LicenseFinder icon indicating copy to clipboard operation
LicenseFinder copied to clipboard

License text extraction not working for Maven

Open rhuitl opened this issue 3 years ago • 3 comments

I would like to extract the license texts for Maven projects. What works for NPM does not for Maven.

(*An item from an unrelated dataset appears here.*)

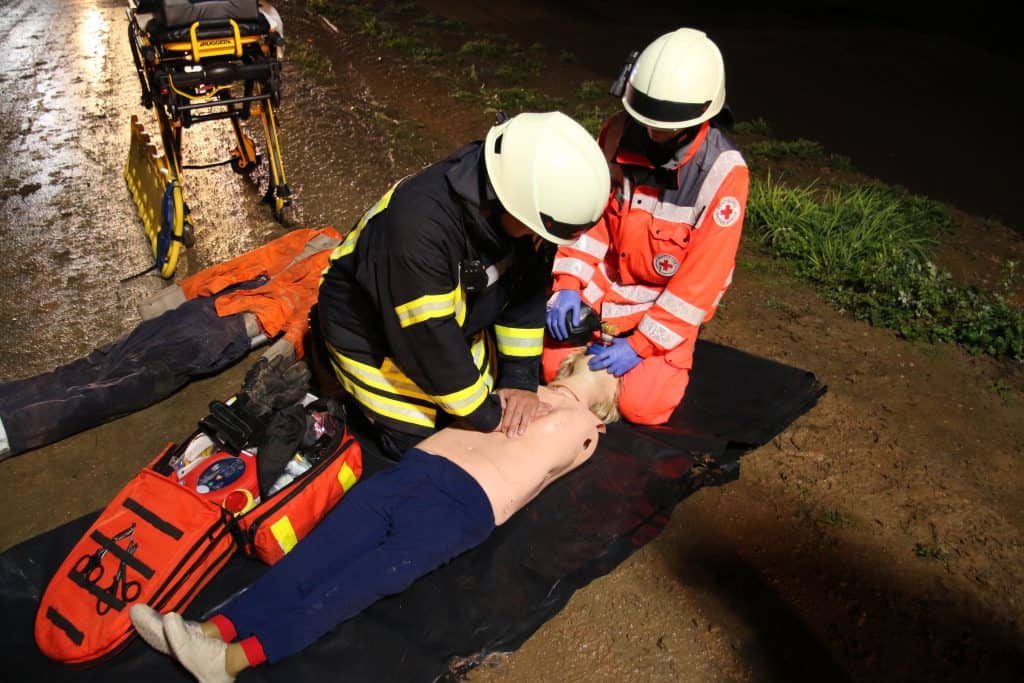 Um circa 19:20 Uhr hieß es dann Übungsstart durch Ortsbrandmeister Jan Bialaschewitz. Nach Eintreffen der ersten Kräfte vom Deutschen Roten Kreuz, nahmen diese sofort eine Erkundung vor und stellten Kontakt zu den verunfallten „Patienten“ her.

The license text field remains empty.

Steps to reproduce:

  1. Create a basic Maven project
mvn archetype:generate -DgroupId=com.mycompany.app -DartifactId=my-app -DarchetypeArtifactId=maven-archetype-quickstart -DarchetypeVersion=1.4 -DinteractiveMode=false
  1. Run LicenseFinder
docker run -v "$PWD/my-app:/scan" -t licensefinder/license_finder /bin/bash -l -c "cd /scan && license_finder report --quiet --format json --columns name version authors licenses license_links approved summary description homepage install_path package_manager texts notice"

The output is:

{
	"dependencies": [{
		"name": "hamcrest-core",
		"version": "1.3",
		"authors": "",
		"licenses": ["New BSD"],
		"license_links": "http://opensource.org/licenses/BSD-3-Clause",
		"approved": "Not approved",
		"summary": "",
		"description": "",
		"homepage": "",
		"install_path": null,
		"package_manager": "Maven",
		"texts": "",
		"notice": ""
	}, {
		"name": "junit",
		"version": "4.11",
		"authors": "",
		"licenses": ["Common Public License Version 1.0"],
		"license_links": "",
		"approved": "Not approved",
		"summary": "",
		"description": "",
		"homepage": "",
		"install_path": null,
		"package_manager": "Maven",
		"texts": "",
		"notice": ""
	}]
}
  1. Compare with downloaded licenses
❯ find my-app/target/generated-resources/licenses
my-app/target/generated-resources/licenses
my-app/target/generated-resources/licenses/common public license version 1.0 - cpl1.0.html
my-app/target/generated-resources/licenses/new bsd license - bsd-license.html

I was trying to understand how the license text extraction works for NPM, and it seems like it's based on the filename (like LICENSE or similar).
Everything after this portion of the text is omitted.